:: WHAT YOU NEED TO DO ::
Take the lines below from the one with "Dashboard | The" through the one with "설치 후 적금 관련 메뉴로" and retype them exactly. Include nothing else, and no pictures.

:: RECORDS SUPPLIED ::
* * *

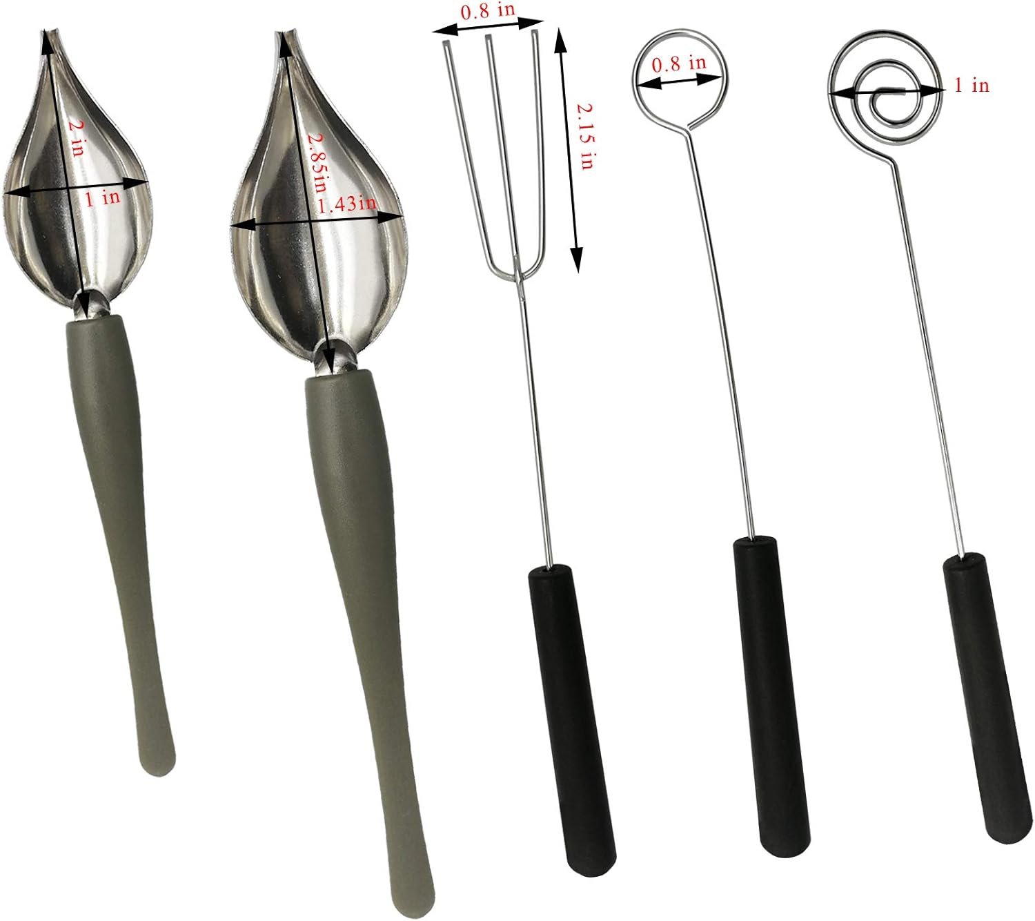 【Package Include】3 pcs chocolate forks in various shapes, including round fork, 3-prong fork and spiral swirl dipper. 2 pcs culinary DIY painting spoons in 2 different sizes.Sufficient quantity can satisfy your different demands, it is a good tool for decorating dishes and very suitable for food decoration work.
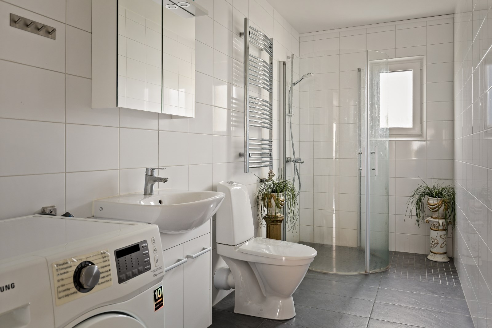 Stort stambytt helkaklat badrum. Badrummet är utrustat med wc, dusch, vattenburen handdukstork, kommod, badrumsskåp. Det finns också tvättmaskin och ett mindre fönster för enkel vädring.
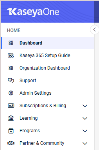 Dashboard | The dashboard is your KaseyaOne landing page, which you see when you initially log in. Review this whole article for a breakdown of all dashboard components and access requirements. | Master Billing User Co-Managed User |
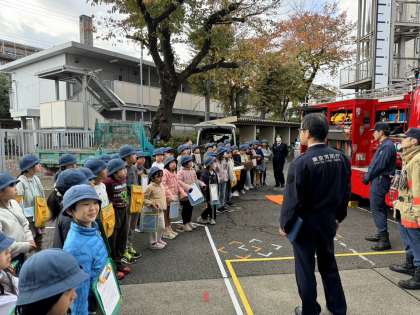消化訓練をさせていただいたり、消防車の中を見せていただいたり、いろいろなお話を聞き勉強になりました。ありがとうございました。
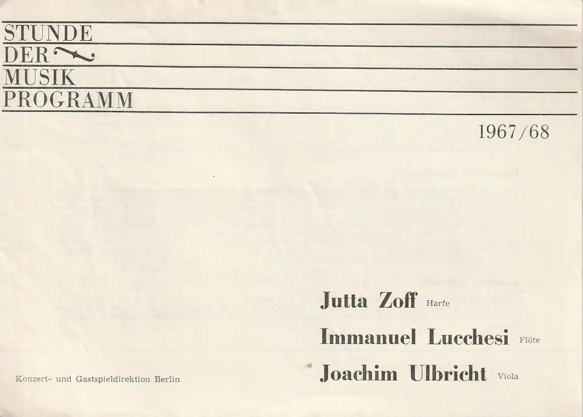 Titel: Programmheft STUNDE DER MUSIK 1967 / 68 JUTTA ZOFF / IMMANUEL LUCCHESI / JOACHIM ULBRICHT
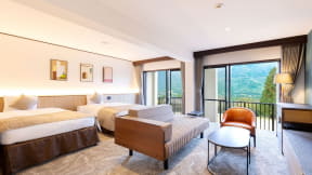 仙石原の自然に囲まれた大人の隠れ家的温泉リゾートで、伝統工芸の寄木細工から着想を得たモダンな空間が特徴。大浴場や露天風呂からは空と森が溶け合うような景色が楽しめ、客室もすべてフォレストビュー。
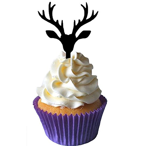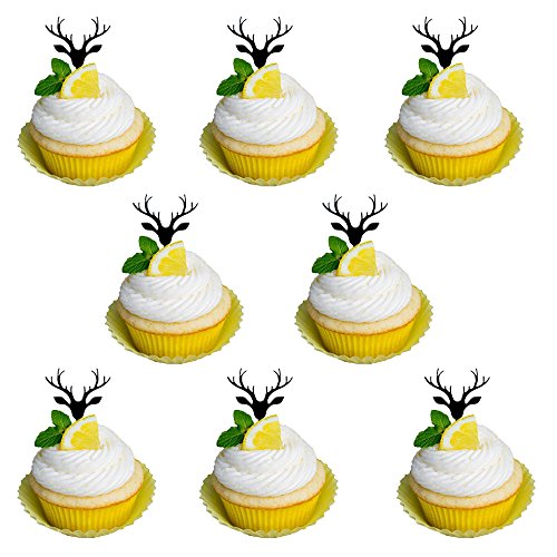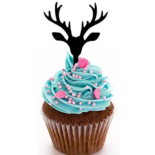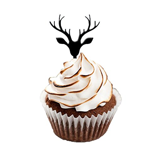 Ecape Acylic Cupcake Toppers with Reindeer Cupcake Picks of Merry Christmas Winter Decoration Pack of 8 Acylic Black
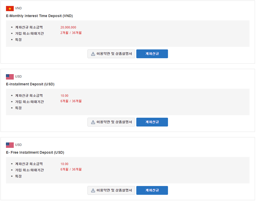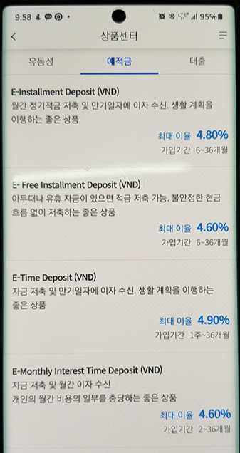 설치 후 적금 관련 메뉴로 들어가면 각 베트남동(VND) 적금 상품에 대한 이율과 조건들을 볼 수 있습니다.
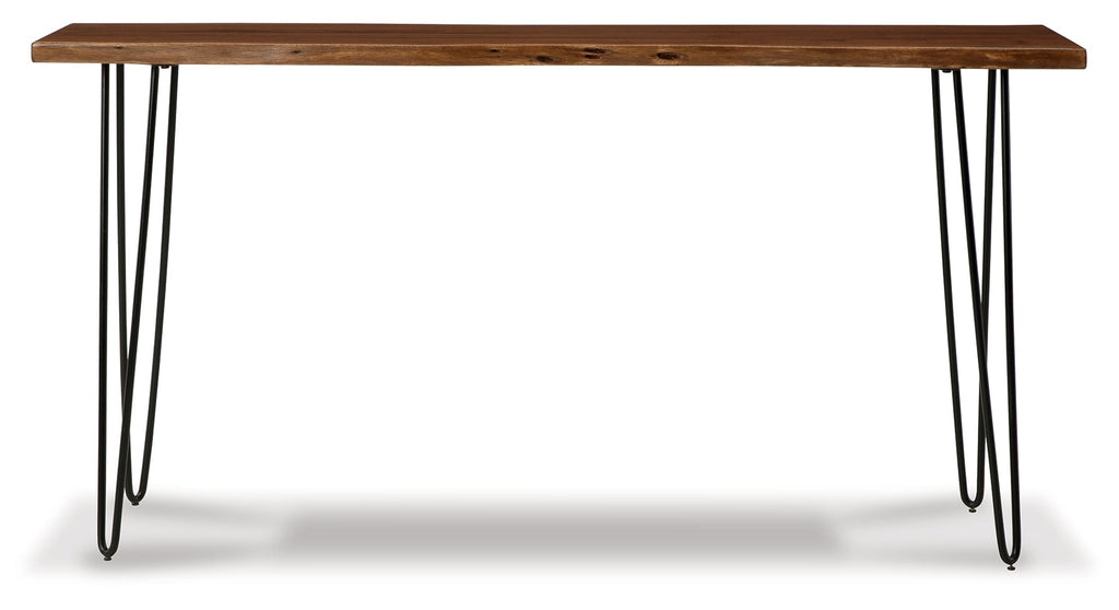 This stunningly simple solid mango wood dining table works effortlessly with contemporary decor. This narrow counter height table is perfect for smaller dining spaces. Or for added function, place it behind a sofa or sectional to make the most of your family room. The tabletop's gorgeous, natural-looking color contrasts nicely with the matte black metal legs, providing an instant upgrade to your space.
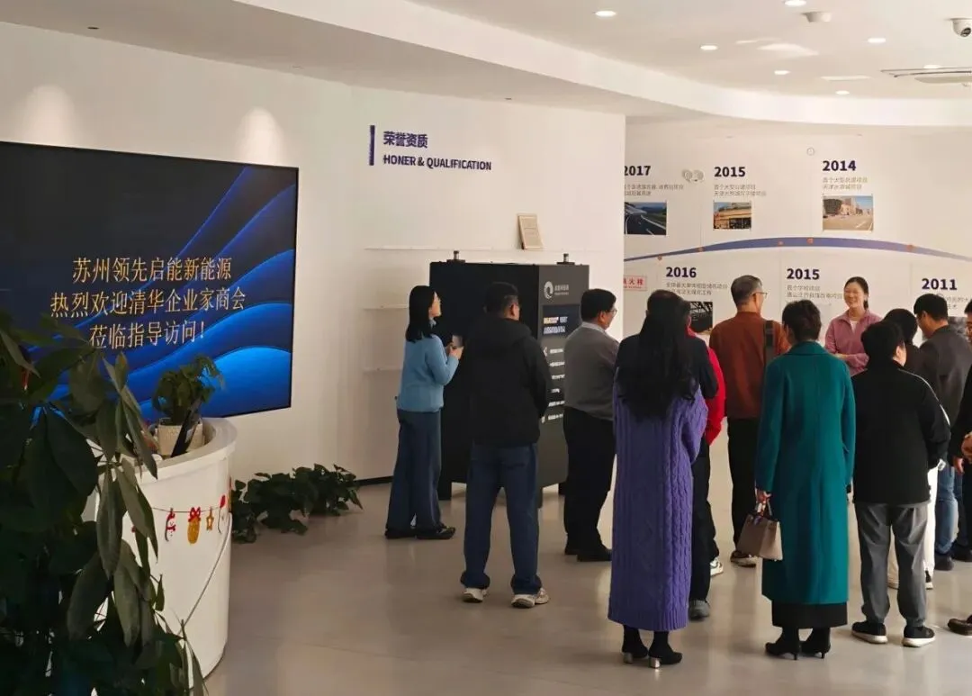 2026年1月16日,为深入了解会员企业发展动态,促进绿色能源技术领域的交流与合作,苏州市清华企业家商会副会长兼秘书长曹宏伟、副会长朱国栋等一行赴苏州领先启能新能源有限公司(以下简称“苏州领先启能”)进行实地考察与深度对接。苏州领先启能董事章灵军博士与公司相关负责人予以热情接待,共话合作机遇。
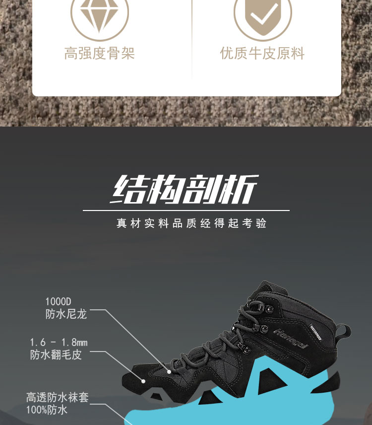 【新品388秒杀!】悍戈Hanagal高帮防水徒步登山鞋户外徒步运动鞋战术靴防水防滑耐磨反毛皮35828
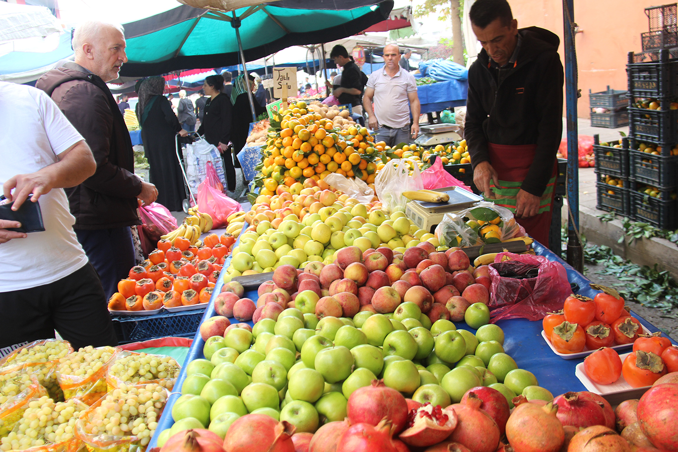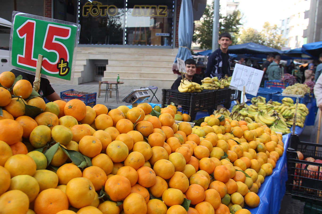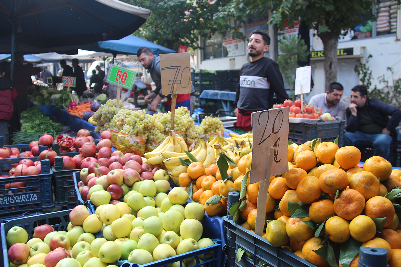 Pazarda meyve satan esnaf Nurettin Esmer, mandalina, nar ve elma gibi temel ürünleri tezgâha çıkardıklarını belirterek fiyatların yükselmesini enflasyon, mazot zamları ve vergi artışına bağladı. Esmer, "Şu an vergiler yüzde 2’den 18’e çıktı" dedi.
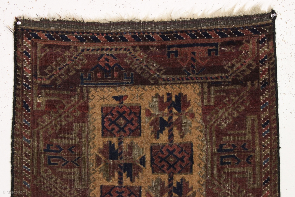 Antique baluch rug. Interesting design. Fair condition with some brown oxidation. 19th c. 2'9" x 4'10"
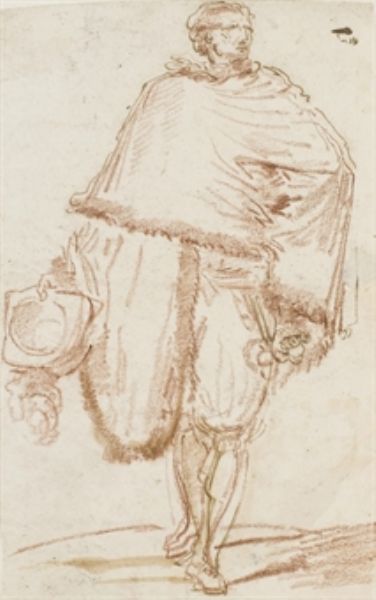 Un homme vu de face avec un chapeau dans la main droite et une épée dans l'autre

* * *

:: WRITTEN ANSWER ::
 Dashboard | The dashboard is your KaseyaOne landing page, which you see when you initially log in. Review this whole article for a breakdown of all dashboard components and access requirements. | Master Billing User Co-Managed User |
消化訓練をさせていただいたり、消防車の中を見せていただいたり、いろいろなお話を聞き勉強になりました。ありがとうございました。
 Titel: Programmheft STUNDE DER MUSIK 1967 / 68 JUTTA ZOFF / IMMANUEL LUCCHESI / JOACHIM ULBRICHT
 仙石原の自然に囲まれた大人の隠れ家的温泉リゾートで、伝統工芸の寄木細工から着想を得たモダンな空間が特徴。大浴場や露天風呂からは空と森が溶け合うような景色が楽しめ、客室もすべてフォレストビュー。
 Ecape Acylic Cupcake Toppers with Reindeer Cupcake Picks of Merry Christmas Winter Decoration Pack of 8 Acylic Black
 설치 후 적금 관련 메뉴로 들어가면 각 베트남동(VND) 적금 상품에 대한 이율과 조건들을 볼 수 있습니다.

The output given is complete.